If it is a GPU hang (check dmesg or Xorg.log for a telltale error message), then the debugging process is gradually getting easier. First the kernel detects that the GPU has stopped processing data. It does this with a simple watch dog that polls the GPU for any activity since the last check. If the active head pointer has not advanced in the last two checks, we declare it hung and attempt to reset the GPU. Currently the reset procedure only works for the more recent chips, i965 and above, but in principle we might be able to recover at least the i915 generation as well.
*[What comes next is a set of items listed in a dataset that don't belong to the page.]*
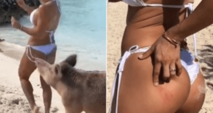 La supermodelo venezonala, Michelle Lewin, estuvo en aprietos luego de que un cerdo le mordió un glúteo durante sus vacaciones en Las Bahamas. En redes sociales cirucla un video donde puede verse que en un pequeño descuido de la venezolana, el animal aprovecha para soltar una mordida que dejó algunas marcas en su …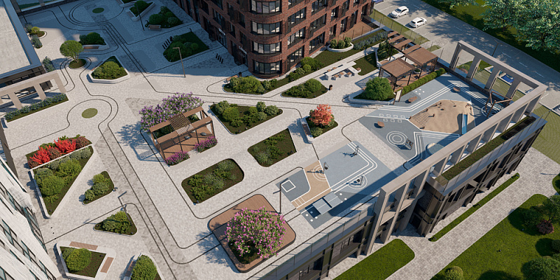 Современные силуэты домов комплекса создают гармоничное цельное пространство и формируют новый облик всего микрорайона. Архитектурную концепцию жилого комплекса мы разработали совместно с крупными архитектурными бюро OSA Group, г. Екатеринбург и MLA+, Нидерланды.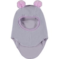 Dark green balaclava with small pom pom ears. It is really soft and keeps the head and neck warm.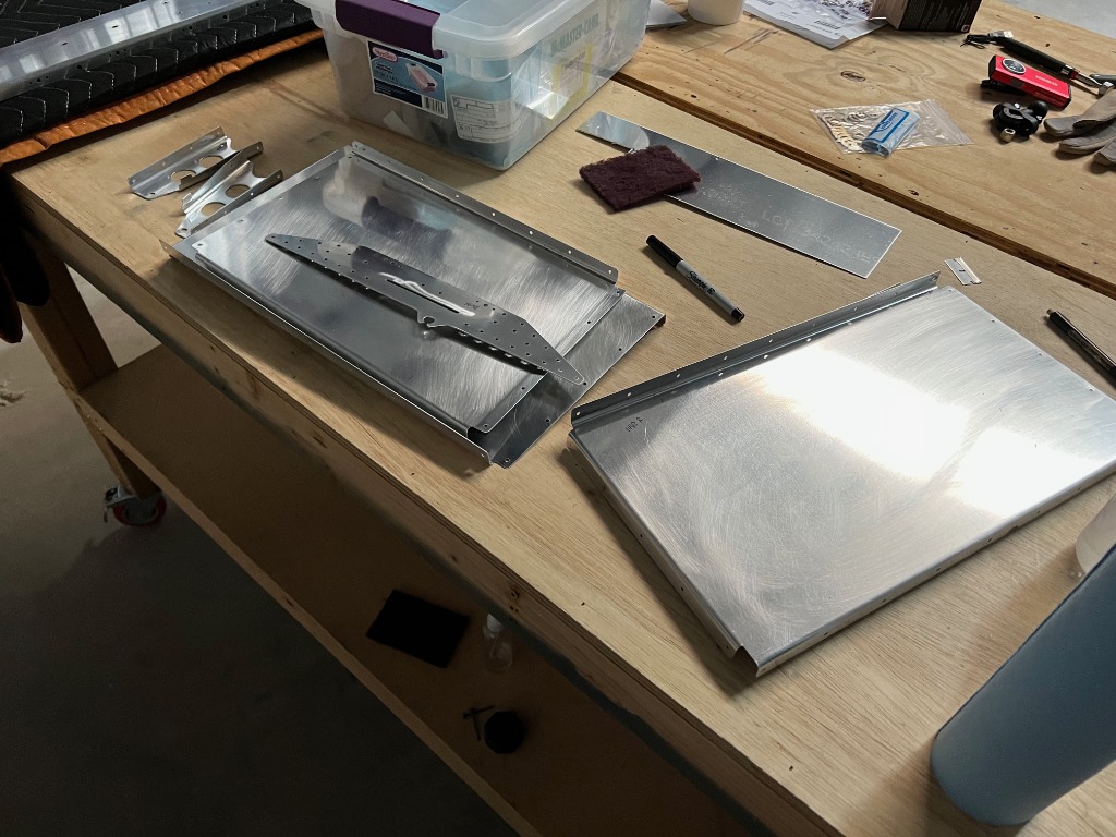 Fabricated flap bearing blocks. Fabricated seat back hinges. Prepped baggage parts for priming.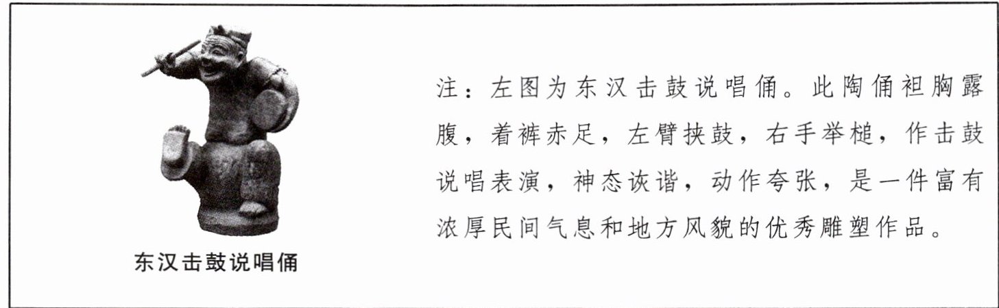 注:左图为东汉击鼓说唱俑。此陶俑袒胸露腹,着裤赤足,左臂挟鼓,右手举槌,作击鼓说唱表演,神态诙谐,动作夸张,是一件富有浓厚民间气息和地方风貌的优秀雕塑作品。

Importantly, just before we reset the GPU state, we record what instructions the GPU was executing at the time of the hang and some associated state. At present, this involves scanning the ringbuffer and list of known buffers for the last batch buffer executed and for wherever the GPU ended up. Those buffers are then copied, preserving them for later inspection, and the reset procedure is begun.
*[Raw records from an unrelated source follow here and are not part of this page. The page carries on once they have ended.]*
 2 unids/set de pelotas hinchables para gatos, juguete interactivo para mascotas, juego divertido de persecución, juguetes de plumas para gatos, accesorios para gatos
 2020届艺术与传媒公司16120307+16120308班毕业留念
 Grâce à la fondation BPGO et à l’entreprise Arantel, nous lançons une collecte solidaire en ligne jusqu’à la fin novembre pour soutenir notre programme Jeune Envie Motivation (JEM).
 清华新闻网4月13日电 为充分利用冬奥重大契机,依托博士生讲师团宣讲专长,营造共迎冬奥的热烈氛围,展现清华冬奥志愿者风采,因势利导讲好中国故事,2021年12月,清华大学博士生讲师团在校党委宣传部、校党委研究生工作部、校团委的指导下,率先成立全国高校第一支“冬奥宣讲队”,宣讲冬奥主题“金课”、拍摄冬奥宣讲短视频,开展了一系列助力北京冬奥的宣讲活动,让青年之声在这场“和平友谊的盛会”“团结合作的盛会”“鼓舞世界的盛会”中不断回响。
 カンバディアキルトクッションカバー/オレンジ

Some time afterwards it becomes apparent that the system is misbehaving. Unfortunately this has a tendency to be a frozen X server or even a crash, though the drivers are beginning to grow a little more resilient to their own bugs. Once noticed, we can copy the error report from /sys/kernel/debug/dri/0/i915_error_state (you might have to run “mount -tdebugfs none /sys/kernel/debug” to gain access to the debug information exported by your kernel, your distribution may even automate this by listening for the whimpers from the kernel) and begin a diagnosis.
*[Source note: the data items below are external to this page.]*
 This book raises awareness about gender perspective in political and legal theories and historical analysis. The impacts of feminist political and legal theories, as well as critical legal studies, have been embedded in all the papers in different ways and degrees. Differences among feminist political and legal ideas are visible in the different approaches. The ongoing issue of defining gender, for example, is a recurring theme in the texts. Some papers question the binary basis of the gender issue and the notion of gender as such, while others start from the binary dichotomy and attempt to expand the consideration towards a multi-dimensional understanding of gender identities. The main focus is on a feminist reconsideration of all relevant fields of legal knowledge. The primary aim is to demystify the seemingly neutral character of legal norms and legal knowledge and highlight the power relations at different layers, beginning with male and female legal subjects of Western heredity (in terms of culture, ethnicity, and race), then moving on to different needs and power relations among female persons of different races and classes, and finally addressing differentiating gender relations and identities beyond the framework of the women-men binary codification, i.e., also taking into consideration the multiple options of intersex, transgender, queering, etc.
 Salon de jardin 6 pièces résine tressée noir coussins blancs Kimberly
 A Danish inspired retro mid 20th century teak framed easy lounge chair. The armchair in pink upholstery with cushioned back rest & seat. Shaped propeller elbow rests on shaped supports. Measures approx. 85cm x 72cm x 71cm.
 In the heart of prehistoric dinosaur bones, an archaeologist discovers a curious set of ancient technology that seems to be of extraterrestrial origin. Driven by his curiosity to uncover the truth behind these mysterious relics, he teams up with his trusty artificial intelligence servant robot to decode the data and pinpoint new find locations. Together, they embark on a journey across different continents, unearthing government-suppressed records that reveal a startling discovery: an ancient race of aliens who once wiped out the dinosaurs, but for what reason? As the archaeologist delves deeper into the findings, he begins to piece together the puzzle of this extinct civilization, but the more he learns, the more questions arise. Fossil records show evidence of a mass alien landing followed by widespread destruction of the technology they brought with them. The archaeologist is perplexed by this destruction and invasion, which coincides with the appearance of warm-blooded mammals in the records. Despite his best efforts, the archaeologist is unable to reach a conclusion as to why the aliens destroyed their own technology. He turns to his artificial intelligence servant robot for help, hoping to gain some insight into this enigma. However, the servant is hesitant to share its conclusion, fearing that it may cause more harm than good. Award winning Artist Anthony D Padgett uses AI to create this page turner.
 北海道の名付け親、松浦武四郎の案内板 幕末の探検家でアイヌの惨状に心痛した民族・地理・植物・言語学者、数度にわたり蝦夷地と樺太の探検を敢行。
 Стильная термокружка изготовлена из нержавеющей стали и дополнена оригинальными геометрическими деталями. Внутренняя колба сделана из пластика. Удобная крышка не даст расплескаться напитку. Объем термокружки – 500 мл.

Lets turn to a real example that I am currently puzzling over.

Running the i915_error_state through intel_error_decode (from the intel-gpu-tools package) prints:

Time: 1278512451 s 982711 us
PCI ID: 0x27a2
EIR: 0x00000000
PGTBL_ER: 0x00000000
INSTPM: 0x00000000
IPEIR: 0x00000000
IPEHR: 0x02000011
INSTDONE: 0x7ffffa41
busy: Bypass FIFO
busy: Color calculator
busy: Map filter
ACTHD: 0x0de88144
seqno: 0x0004d8fe
Buffers [40]:
0e33e000 16384 00000060 00000000 0004d8ff dirty purgeable
09747000 4096 00000003 00000000 0004d8ff
0de88000 16384 00000048 00000000 0004d8ff dirty purgeable
03dc4000 4096 00000006 00000000 0004d900 dirty purgeable
0e20a000 393216 00000002 00000000 0004d900 dirty purgeable
0e3a0000 16384 00000006 00000000 0004d900 dirty purgeable
01800000 8388608 00000002 00000000 0004d900 P X dirty (name: 64) (fence: 2)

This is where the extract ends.